#### [Given data]
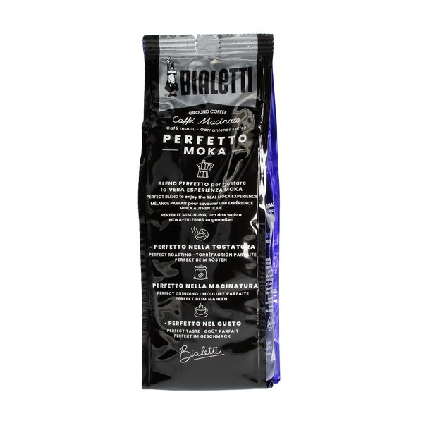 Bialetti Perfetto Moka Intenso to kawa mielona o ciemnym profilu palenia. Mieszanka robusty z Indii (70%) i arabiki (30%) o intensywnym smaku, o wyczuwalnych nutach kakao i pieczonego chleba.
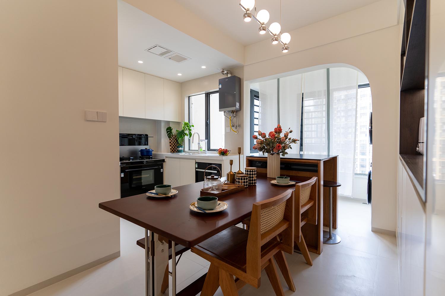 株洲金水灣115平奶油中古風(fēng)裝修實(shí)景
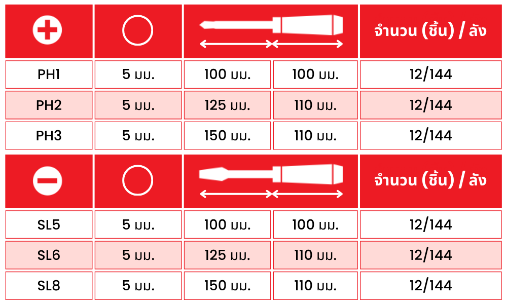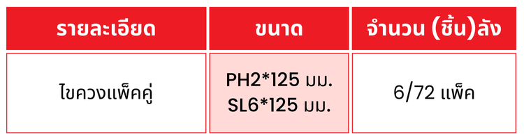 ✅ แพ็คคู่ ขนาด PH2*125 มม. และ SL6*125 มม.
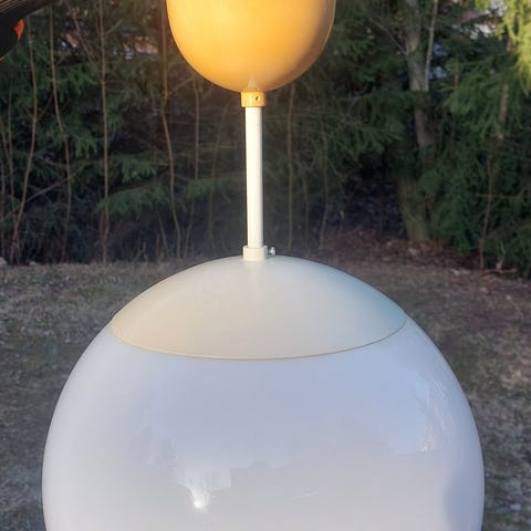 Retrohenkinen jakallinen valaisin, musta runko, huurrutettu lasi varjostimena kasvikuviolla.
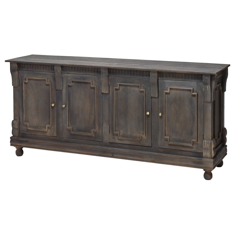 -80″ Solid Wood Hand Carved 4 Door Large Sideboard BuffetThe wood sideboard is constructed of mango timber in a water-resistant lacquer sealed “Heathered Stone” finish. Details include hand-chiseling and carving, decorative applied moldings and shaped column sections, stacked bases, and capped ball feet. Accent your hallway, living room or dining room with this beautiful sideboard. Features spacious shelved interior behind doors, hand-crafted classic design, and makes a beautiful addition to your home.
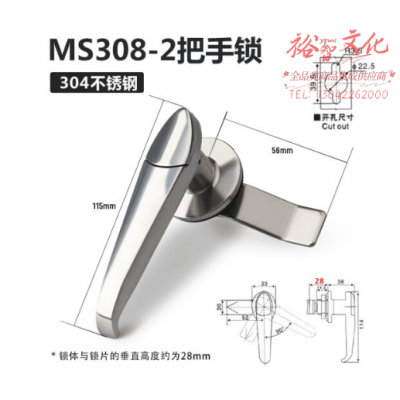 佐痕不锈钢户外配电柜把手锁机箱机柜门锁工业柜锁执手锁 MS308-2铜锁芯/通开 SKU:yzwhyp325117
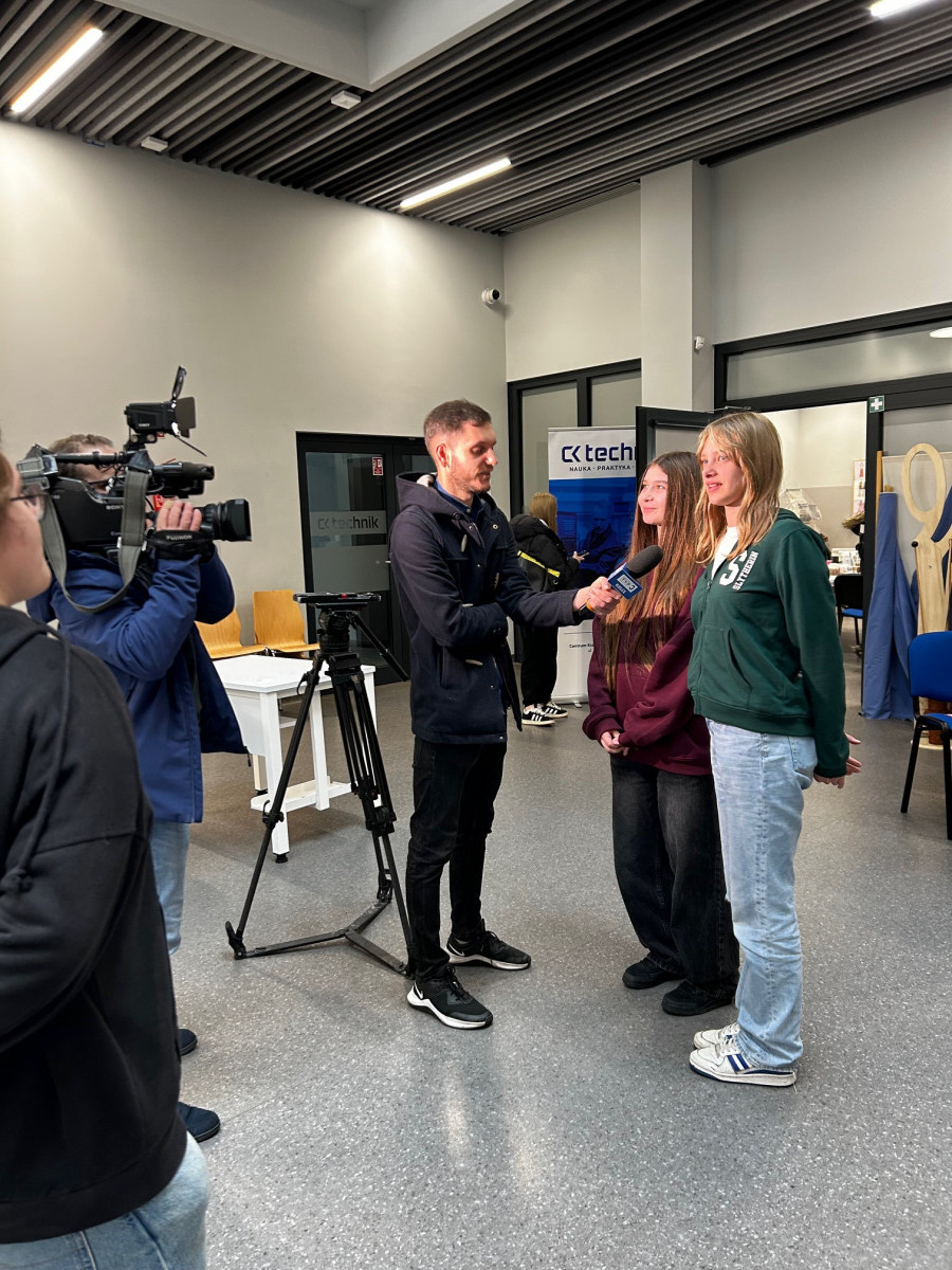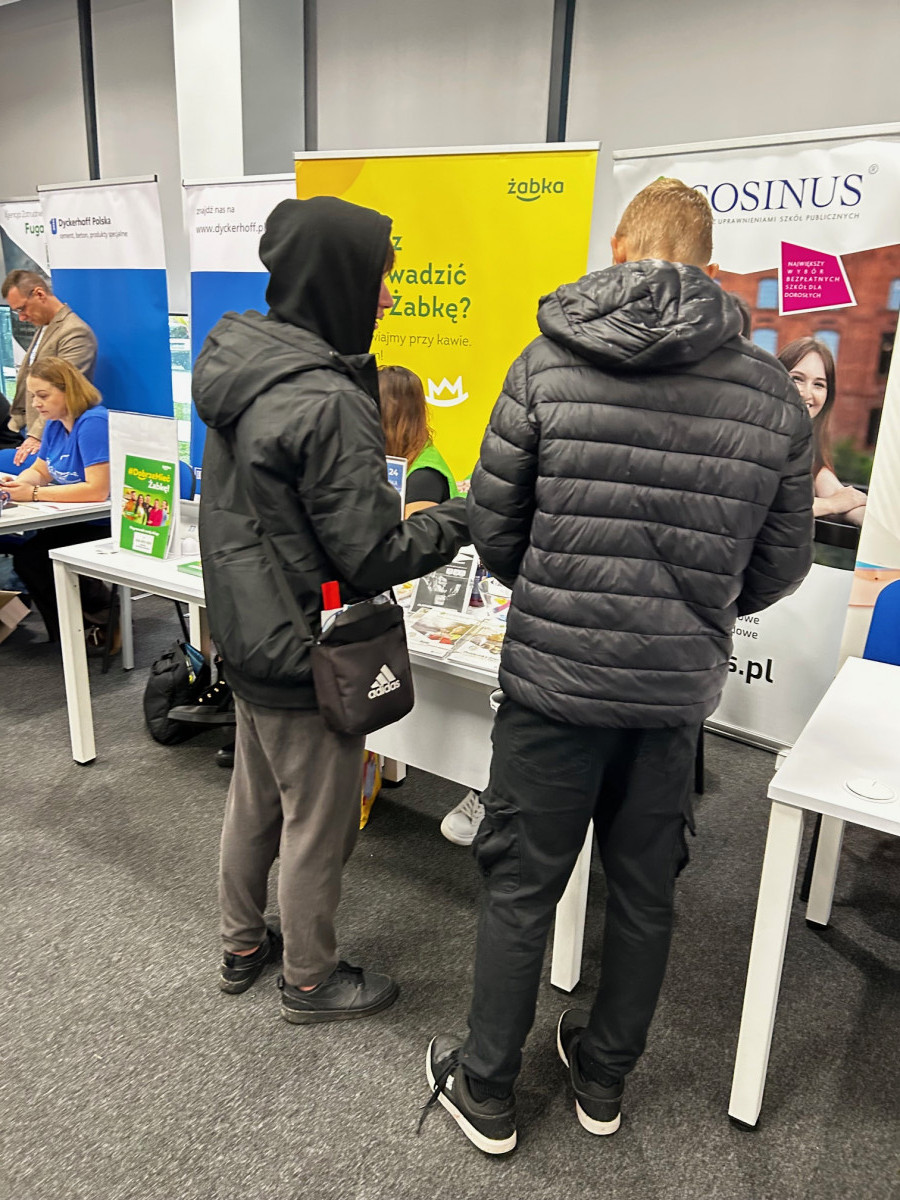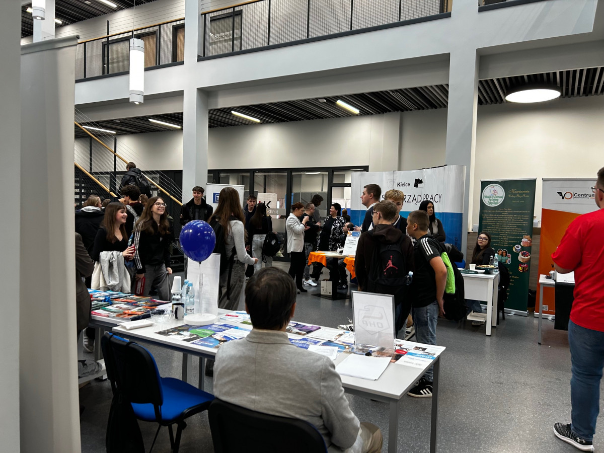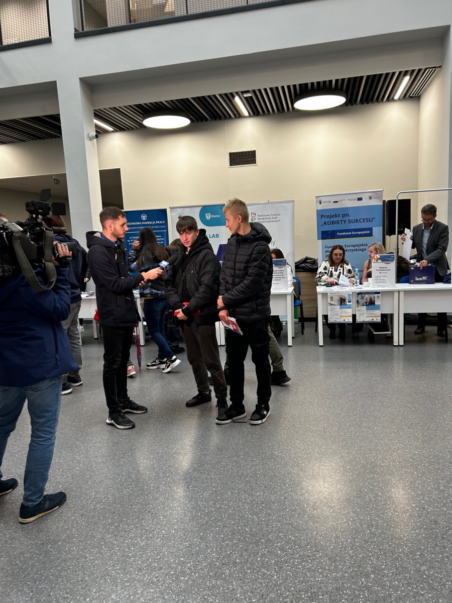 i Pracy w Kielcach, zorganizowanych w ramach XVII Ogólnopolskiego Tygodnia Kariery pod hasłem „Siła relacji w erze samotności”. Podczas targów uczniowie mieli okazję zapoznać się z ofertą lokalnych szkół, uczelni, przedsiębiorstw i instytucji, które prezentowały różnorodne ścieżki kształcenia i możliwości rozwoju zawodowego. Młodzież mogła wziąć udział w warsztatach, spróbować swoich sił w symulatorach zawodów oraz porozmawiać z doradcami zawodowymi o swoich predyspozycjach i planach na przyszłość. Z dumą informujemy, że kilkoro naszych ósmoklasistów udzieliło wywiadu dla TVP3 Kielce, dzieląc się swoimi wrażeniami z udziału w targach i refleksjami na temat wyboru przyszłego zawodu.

...

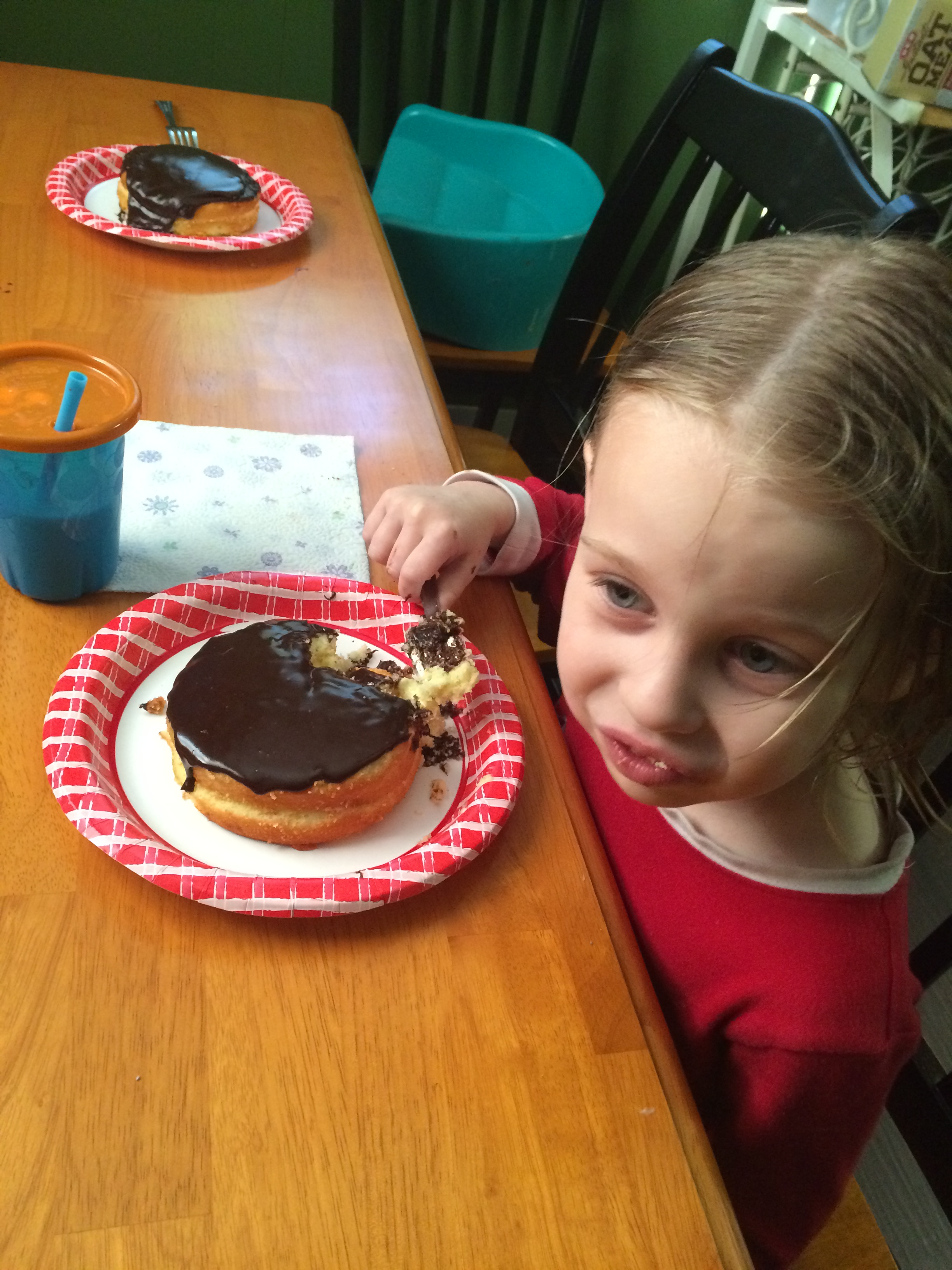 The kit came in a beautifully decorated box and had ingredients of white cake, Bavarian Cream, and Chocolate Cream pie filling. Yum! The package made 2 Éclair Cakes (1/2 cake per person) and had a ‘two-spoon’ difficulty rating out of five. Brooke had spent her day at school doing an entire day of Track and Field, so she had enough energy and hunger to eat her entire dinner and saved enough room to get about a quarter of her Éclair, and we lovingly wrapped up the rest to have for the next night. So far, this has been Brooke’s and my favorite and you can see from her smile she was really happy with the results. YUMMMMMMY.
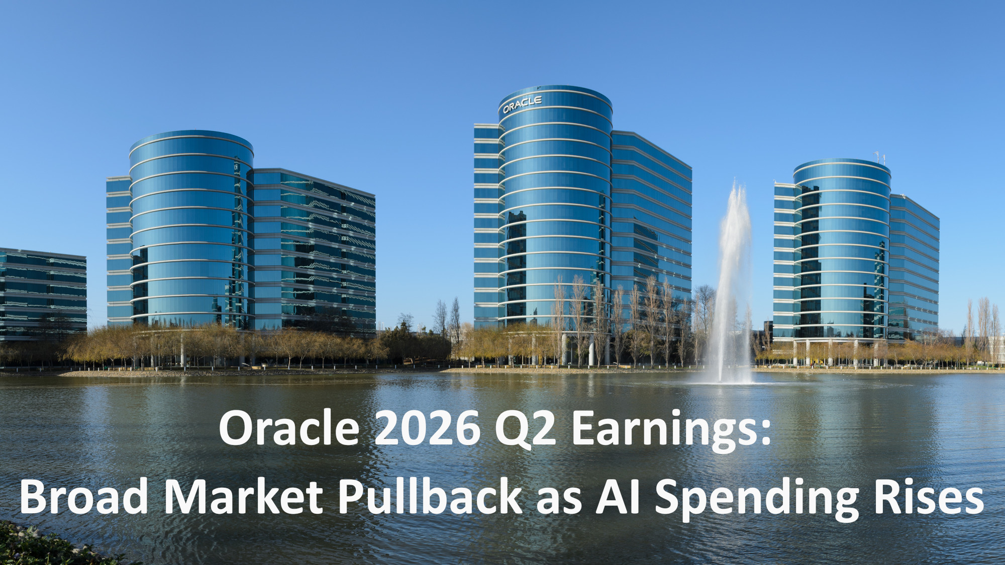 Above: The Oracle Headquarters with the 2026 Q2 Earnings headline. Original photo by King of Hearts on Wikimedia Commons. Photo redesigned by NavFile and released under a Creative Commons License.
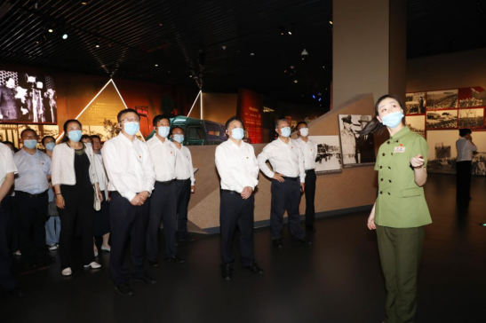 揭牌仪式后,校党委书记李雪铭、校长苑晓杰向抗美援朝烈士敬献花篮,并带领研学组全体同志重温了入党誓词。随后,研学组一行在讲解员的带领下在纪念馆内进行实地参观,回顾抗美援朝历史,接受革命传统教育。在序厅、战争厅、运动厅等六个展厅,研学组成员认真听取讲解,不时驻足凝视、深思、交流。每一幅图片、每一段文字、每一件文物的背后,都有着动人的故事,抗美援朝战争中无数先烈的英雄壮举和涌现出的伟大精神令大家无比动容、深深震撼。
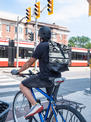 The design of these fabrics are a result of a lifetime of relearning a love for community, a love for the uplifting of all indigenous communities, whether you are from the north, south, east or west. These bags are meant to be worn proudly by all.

#### [Exercise requirements]
Reproduce, word for word, only the lines in the records above from the line with "และ SL6*125 มม." through the line with "佐痕不锈钢户外配电柜把手锁机箱机柜门锁工业柜锁执手锁 MS308-2铜锁芯/通开 SKU:yzwhyp325117", including both ends; omit the pictures.

#### [Solution for this problem]
 ✅ แพ็คคู่ ขนาด PH2*125 มม. และ SL6*125 มม.
 Retrohenkinen jakallinen valaisin, musta runko, huurrutettu lasi varjostimena kasvikuviolla.
 -80″ Solid Wood Hand Carved 4 Door Large Sideboard BuffetThe wood sideboard is constructed of mango timber in a water-resistant lacquer sealed “Heathered Stone” finish. Details include hand-chiseling and carving, decorative applied moldings and shaped column sections, stacked bases, and capped ball feet. Accent your hallway, living room or dining room with this beautiful sideboard. Features spacious shelved interior behind doors, hand-crafted classic design, and makes a beautiful addition to your home.
 佐痕不锈钢户外配电柜把手锁机箱机柜门锁工业柜锁执手锁 MS308-2铜锁芯/通开 SKU:yzwhyp325117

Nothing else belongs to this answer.